Set the material down again exactly, line by line, skipping each picture.

AVAILABLE DATA.
---
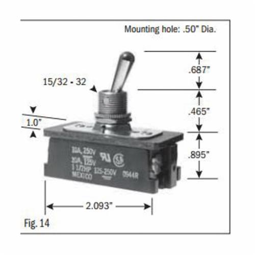 SELECTA® Toggle Switch, Heavy Duty, 125/250 VAC, 20/10 A, 1-1/2 hp, DPST, 2 Poles, Bat Handle, Threaded, Screw Terminal, 1.98 in L x 1 in W x 2.12 in H
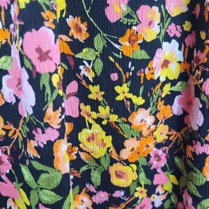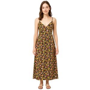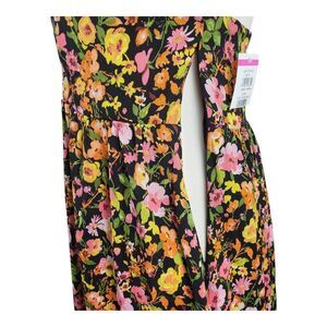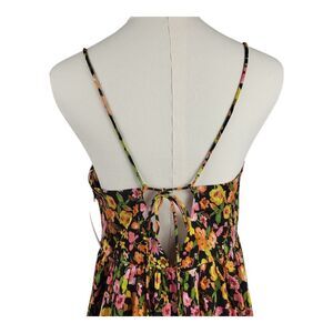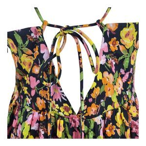 Blooming flowers lend a dose of sweetness to this ankle-grazing maxi boasting a front cutout and tie-back closure. It has a gauze like feel and is wrinkle resistant. Lots of colors, pink, yellow, green, and white on a black background. Two loops in the back to thread the spaghetti straps through before tying it close. A long side zipper on the right helps to pull the dress on and off. Great for that back yard summer party, beach party, vacation, resorts, and anywhere for fun in the sun.
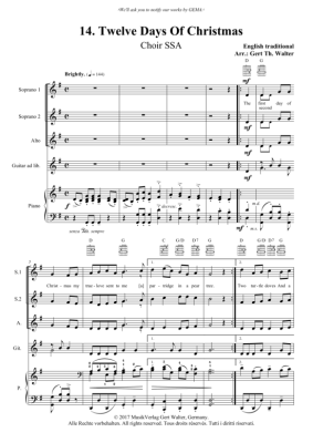 Twelve Days Of Christmas - Noten für Frauenchor, Gitarre + Klavier Traditional
---
ANSWER SPACE.
 SELECTA® Toggle Switch, Heavy Duty, 125/250 VAC, 20/10 A, 1-1/2 hp, DPST, 2 Poles, Bat Handle, Threaded, Screw Terminal, 1.98 in L x 1 in W x 2.12 in H
 Blooming flowers lend a dose of sweetness to this ankle-grazing maxi boasting a front cutout and tie-back closure. It has a gauze like feel and is wrinkle resistant. Lots of colors, pink, yellow, green, and white on a black background. Two loops in the back to thread the spaghetti straps through before tying it close. A long side zipper on the right helps to pull the dress on and off. Great for that back yard summer party, beach party, vacation, resorts, and anywhere for fun in the sun.
 Twelve Days Of Christmas - Noten für Frauenchor, Gitarre + Klavier Traditional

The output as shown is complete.